Write “The Rain Drops Splatter”

Crisp clear mornings washed bright by rain don’t happen often in Colorado. The dawn of a new day after a rain here often means dirt will blow, or some other gray phenomenon will be coming our way before the day’s end. Not pessimism, just simply the way the rain works in Colorado. There aren’t many rainy days.

As a teenager, we spent many summers in the midwest where rain was more common and I learned that I really enjoyed a good rain storm. Many of my journals those summer days began with “the rain drizzled down the window” and talked about weather systems I longed for back home. “Thunder rumbled and rolled across Michigan, ripping through the forested land like a new plow, laboring under rain laden gray clouds.” Could provide for hours of writing a description of storms rolling slowly overhead as I curled on the top bunk of our family motorhome with my paper and pen a handy friend.

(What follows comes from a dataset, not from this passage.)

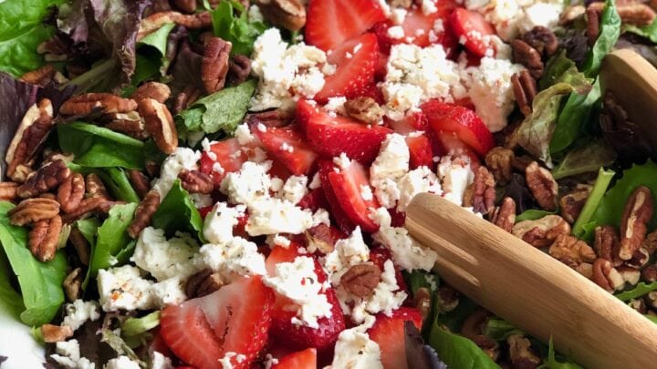 Strawberry goat cheese salad is an easy recipe that is refreshing alongside any chicken dinner. The best thing about this recipe besides the flavors? It's super easy to make.

Those journals, today, provide the basis for many of my stories, the gifted purple prose capturing an audience and grabbing my attention as I lead into character ridden stories of adventure and mystery. No more could I turn away from those descriptions than I could put down my pen to write no more. To breath is to write.

One rainy afternoon, I’d left my journal open on the dinette table and Grandma entered the motorhome for a nap. She’d settled into one side of the dinette while I focused on a sketch I’d been working on most of the day, to illustrate one of my stories. The hours passed and I heard Grandma sniffle. I looked past my illustration to see her wipe a tear from her eye.

“What’s wrong?” I asked, putting down my pen to go check on her.

“Write, “the rain drops splatter” here and your story is perfect.” She pointed to a phrase where I’d said, “the rain drops dance.”

“Why can’t they dance?” I asked, looking through the rest of the story.

“Rain drops can’t dance, it’s wrong. People dance when they’re all drunked up on liquor.” She answered, closing her eyes to rest.

The conversation was over, but I looked closely at the story I’d written. She’d used my pen to correct a few words, but not ‘dance’ she’d left it for me to correct.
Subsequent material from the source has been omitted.